■ 墓碑の向こう側 ■
――孤児院の裏手には、首のもげた聖母像が広げた手で守る小さな墓地があって、そのうち一つは、町の人達から場所を譲り受けた孤児院の院長の女が、ぽつりと白い墓を立てていた。墓碑に名はなく、土の下には骨の一片さえ埋められてはおらず、だから本当は誰の墓でも構わないのだろうが、彼女は気が向けばその場所に花を手向けることを忘れなかった。
ついでに言えば、町のどこに居ても誰彼構わず、孤児院の子供に囲まれている彼女が、珍しく一人で立つ場所でもあった。

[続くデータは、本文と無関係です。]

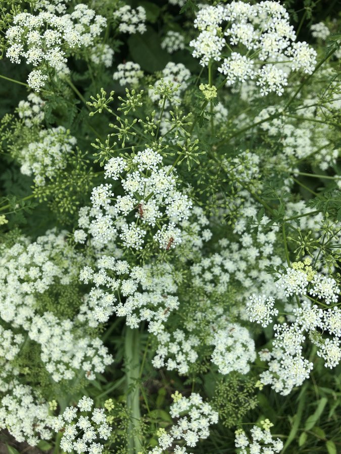 Something in the umbellifers group perhaps (parsely, carrots, etc…). There are many genera in this group. I have some ideas but unable to go further. We need to see other details to narrow it down for you. Please resubmit with photos of leaves, side view of the plant & fruits /seed pods if there any. Thank you and best wishes!

彼女のシルエットは遠目にも目立つ。昔、仕事上のトラブルでかけられた呪詛だか何だかの所為で「色」を奪われた彼女は、全身が灰色をしていたからだ。長い髪も耳もピンと立てた尻尾も灰色で、身にまとう修道服も灰色だったから、彼女の姿はそこだけ風景がくすんだようにも見える。
その彼女が、どこから摘んで来たのか、或いは買ってきたのか、鮮やかな花束を抱えている姿は、酷く目立ったのに、いつも彼女は一人だった。
稀に彼女が一人でないときは、彼女の傍には幼い姿をしたエルフの少年が居た。黒い祭服を着て、少し不機嫌そうにしている。姿ばかりが幼いので、彼の、墓を掃除する手馴れた所作は、灰色の女の姿同様に悪目立ちした。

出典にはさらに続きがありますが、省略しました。